Zambia’s National Food Reserve Agency (NFRA) has unveiled plans to export one million tonnes of maize to the Democratic Republic of the Congo (DRC) during the 2025/2026 financial year, in a move aimed at strengthening regional food trade and stabilising surplus grain stocks.
The planned export is part of NFRA’s broader strategy to offload up to 1.1 million tonnes of maize from the country’s strategic grain reserves, while simultaneously ensuring national food security. The DRC is the primary destination market for the bulk of the maize, underlining the growing agricultural trade ties between the two neighbours.
NFRA Executive Director, Kelvin Hambwezya, said the agency has already initiated discussions with stakeholders in the DRC to facilitate the export agreement. “The maize will mostly go to the Democratic Republic of the Congo, and we are working closely with our counterparts there to ensure the trade flow is efficient and beneficial to both sides,” Hambwezya said.
This initiative comes at a time when Zambia has reported above-average harvests in recent seasons, thanks to favourable weather patterns and strategic investments in agricultural productivity. However, surpluses have outpaced domestic consumption, prompting the government to explore export markets as a way to reduce storage costs and improve returns for farmers.

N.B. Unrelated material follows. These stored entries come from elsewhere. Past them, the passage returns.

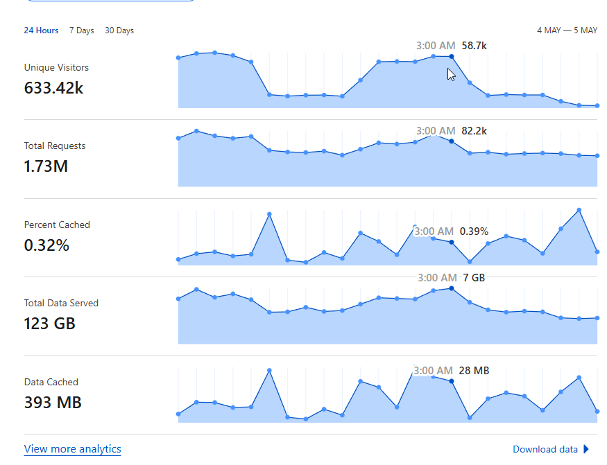 整体请求超过 8 万,数据传输超过 7G。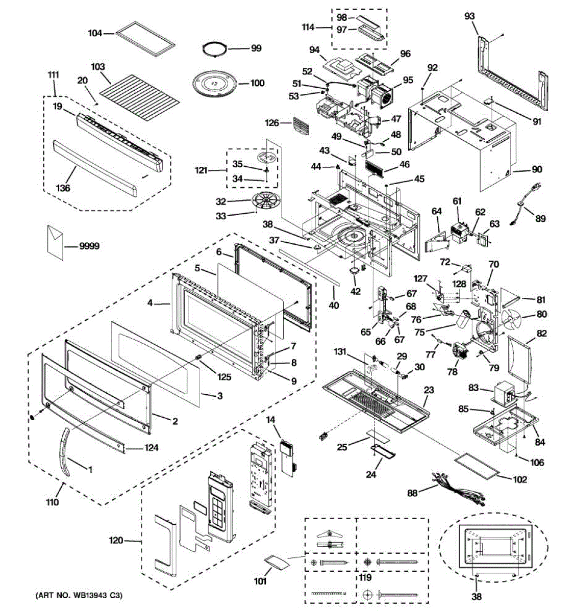 Complete microwave door assembly that replaces cracked, broken, or damaged doors. Includes door frame and glass. Restores proper seal and appearance.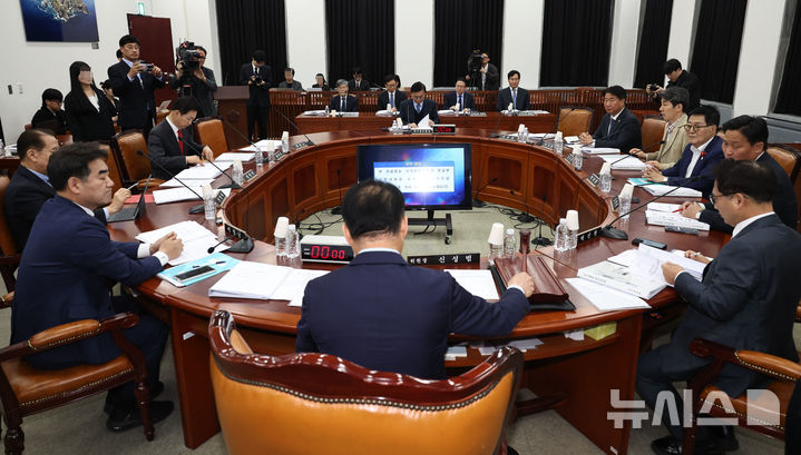 [서울=뉴시스] 국회사진기자단 = 신성범 국회 정보위원회 위원장이 6일 서울 여의도 국회에서 열린 정보위원회 전체회의에서 개회선언을 하고 있다. 2026.04.06. [email protected]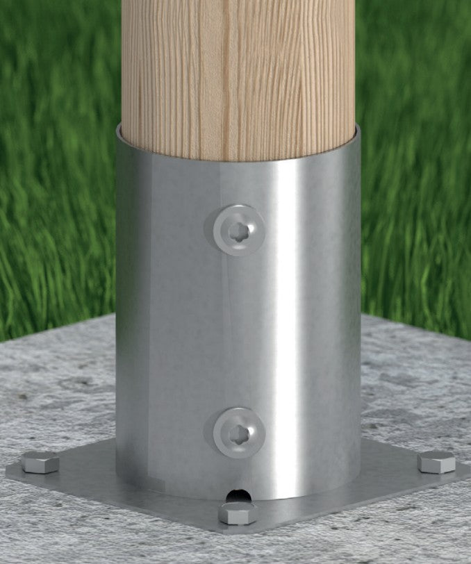 Pätka stĺpika určená na montáž drevených prvkov s okrúhlym prierezom na betóne. Zaručuje náležitú dilatáciu dreva od podkladu.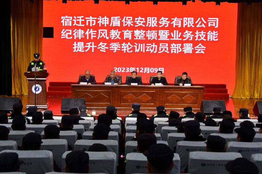為進一步強化隊伍管理,不斷增強員工遵紀守法、遵章守規(guī)的自覺性、主動性,全面促進保安隊伍素質和保安服務質態(tài)“雙提升”,12月9日,宿遷市神盾保安服務有限公司組織召開“紀律作風教育整頓暨業(yè)務技能提升冬季輪訓”主題教活動動員部署會,活動為期60天時間。公司黨委成員、監(jiān)管領導、管理骨干、員工代表共350余人參加了會議。

The NFRA’s plan aligns with President Hakainde Hichilema’s administration’s commitment to turning Zambia into a regional food basket. It also highlights the country’s capacity to support food-insecure neighbouring countries, particularly the DRC, which has struggled with recurrent maize shortages due to conflict, underdeveloped agriculture systems, and poor infrastructure.
In addition to stabilising food supply in the DRC, the deal is expected to boost Zambia’s foreign exchange earnings and generate employment opportunities in the grain value chain—from production and storage to logistics and border trade.
However, NFRA has clarified that the maize earmarked for export will not compromise Zambia’s domestic food security. “We are balancing the needs of the local market while supporting our neighbours. Strategic reserves will remain intact,” Hambwezya assured.
The agency also plans to enhance grain storage and handling capacity to accommodate rising production volumes and trade needs. There are ongoing efforts to improve silo infrastructure and invest in digital systems to track and manage grain movements more efficiently.
Observers say the Zambia-DRC maize export arrangement may serve as a model for future intra-African agricultural trade deals under the African Continental Free Trade Area (AfCFTA), which aims to enhance food security, reduce import dependence, and promote value addition within the continent.
If successful, the initiative will position Zambia as a reliable food supplier in Southern and Central Africa, while helping mitigate the cyclical maize shortages in the DRC. It also opens opportunities for further bilateral collaboration in agriculture, logistics, and infrastructure development across the border.
As Zambia prepares to begin shipments, regional leaders and trade experts will be watching closely to assess the impact of this large-scale maize export on both economies and the broader regional food system.